Camera IconThe Tractor and Machinery Association of Australia announced it had no choice but to postpone its Towards 2030 conference. Credit: John Deere

Australia’s biggest machinery conference has been cancelled after Victoria was plunged into another snap lockdown this morning.

The Tractor and Machinery Association of Australia announced it had no choice but to postpone its Towards 2030 conference, which was scheduled to be held in Melbourne on July 20.

Tractor and Machinery Association of Australia executive director Gary Northover said an update was expected in the “next few days”.

“This is of course extremely disappointing given the efforts made by our speakers, sponsors and delegates to try and get this event to happen, but hopefully we can arrive at a date in the not too distant future that will allow people from all states to participate,” Mr Northover said.

The news comes just over a week after the national machinery body announced it would proceed with the event, which was to be livestreamed for those who were stranded in other lockdown-affected states.

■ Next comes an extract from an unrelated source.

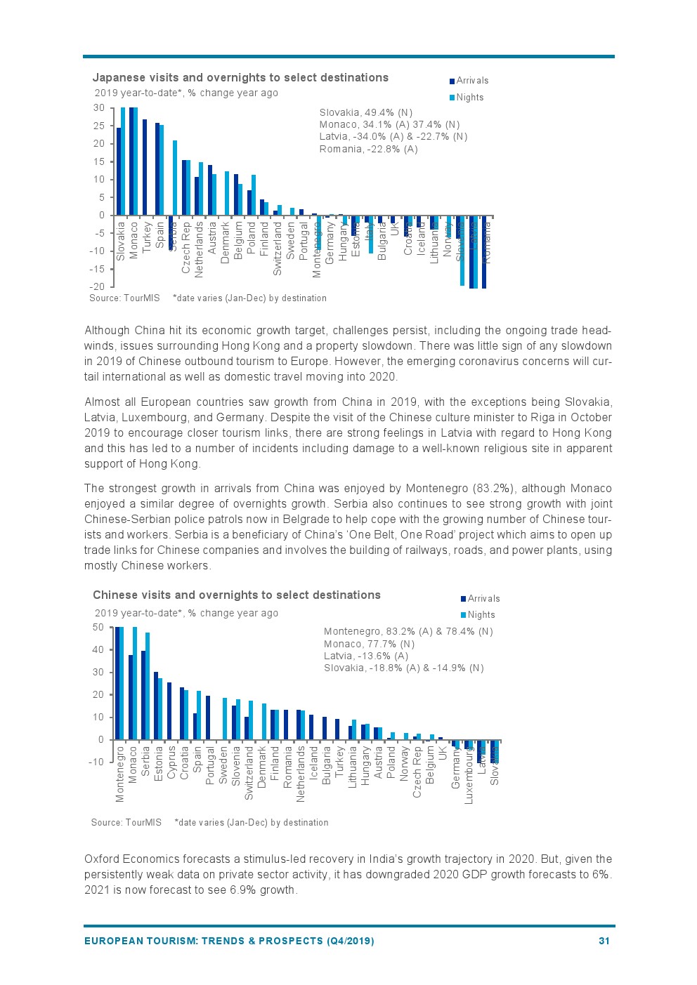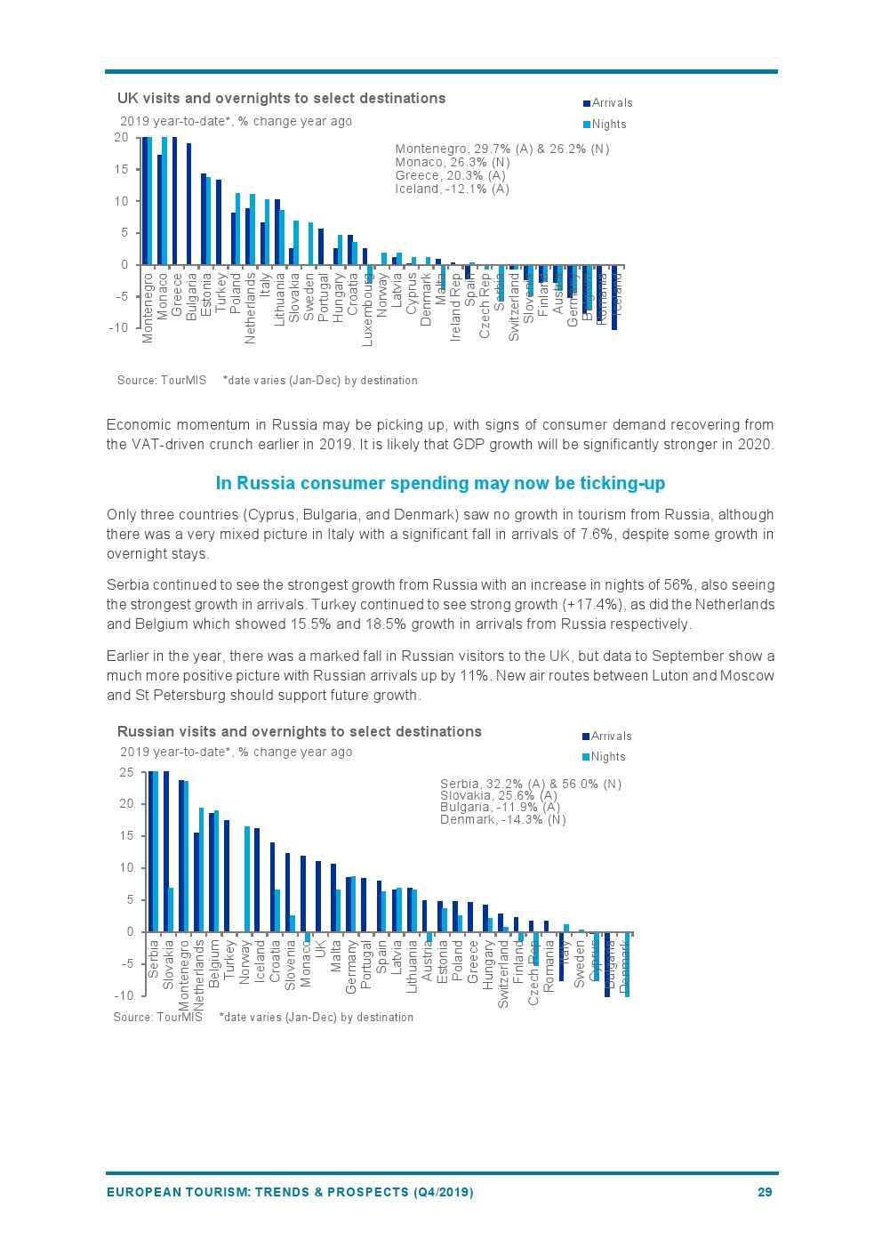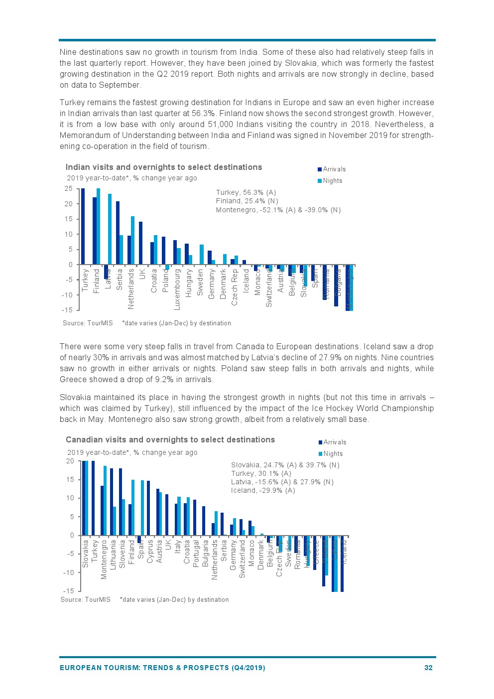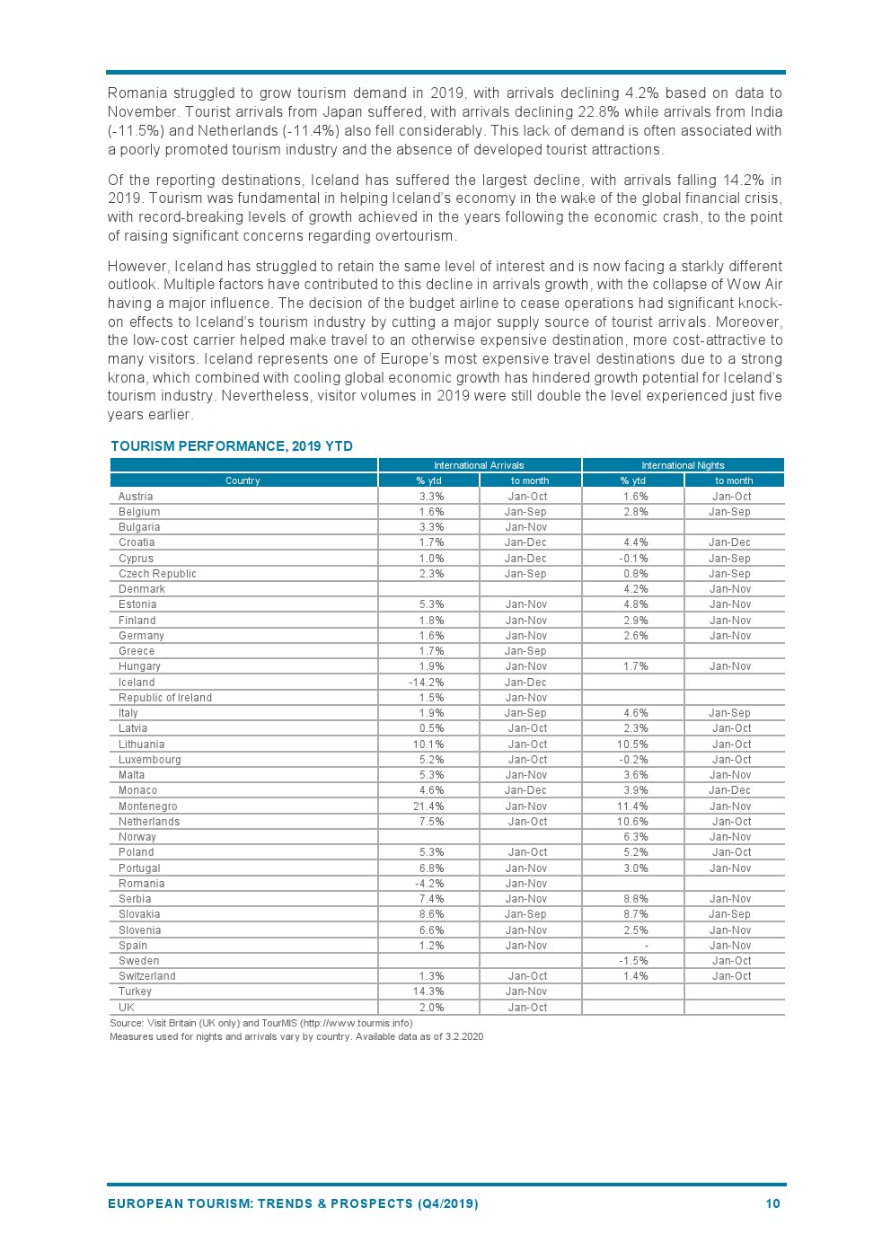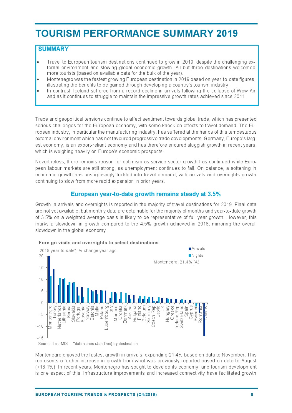 斯洛伐克(+9%)和荷兰(+8%)的表现也好于平均水平。塞尔维亚(+7%)得益于免签证政策和支持性的双边政治和经济关系,享受着来自中国市场的强劲增长。葡萄牙(+7%)成为第一个被授予“2019年无障碍旅游目的地”的国家。罗马尼亚(-4%)由于基础设施等挑战阻碍了旅游增长。抵达冰岛的游客急剧下降(-14%),是所有目的地中降幅最大的。

Among the key speakers who had signed up were Australian Competitor and Consumer Commission deputy chair Mick Keogh, Victorian Farmers Federation president Emma Germano, Westpac senior economist Justin Smirk, Agriview managing director Alan Kirsten, Costa AgTech and Innovation commercial manager Jesse Reader, and Grain Producers Association chairman Andrew Weidemann.

The Victorian Government announced the lockdown — which took affect at midnight and is the State’s fifth so far — yesterday to curb growing COVID-19 clusters linked to the Sydney outbreak of the Delta variant.

It is expected to last between three and five days.

The fast-moving situation means WA is on the brink of a hard border with the entire eastern seaboard for the first time since January after reimposing travel restrictions on Victoria on Wednesday afternoon.

Victoria was upgraded from “very low risk” to “low risk”, allowing travellers to enter WA provided they are immediately tested, self-isolate for two weeks and then get swabbed again on day 11.

It is anticipated Victoria could be escalated to “medium risk”, in-line with NSW and Queensland, which would effectively reinstate a hard border with 80 per cent of Australia’s population.

There are now more than 120 exposure sites listed in Victoria.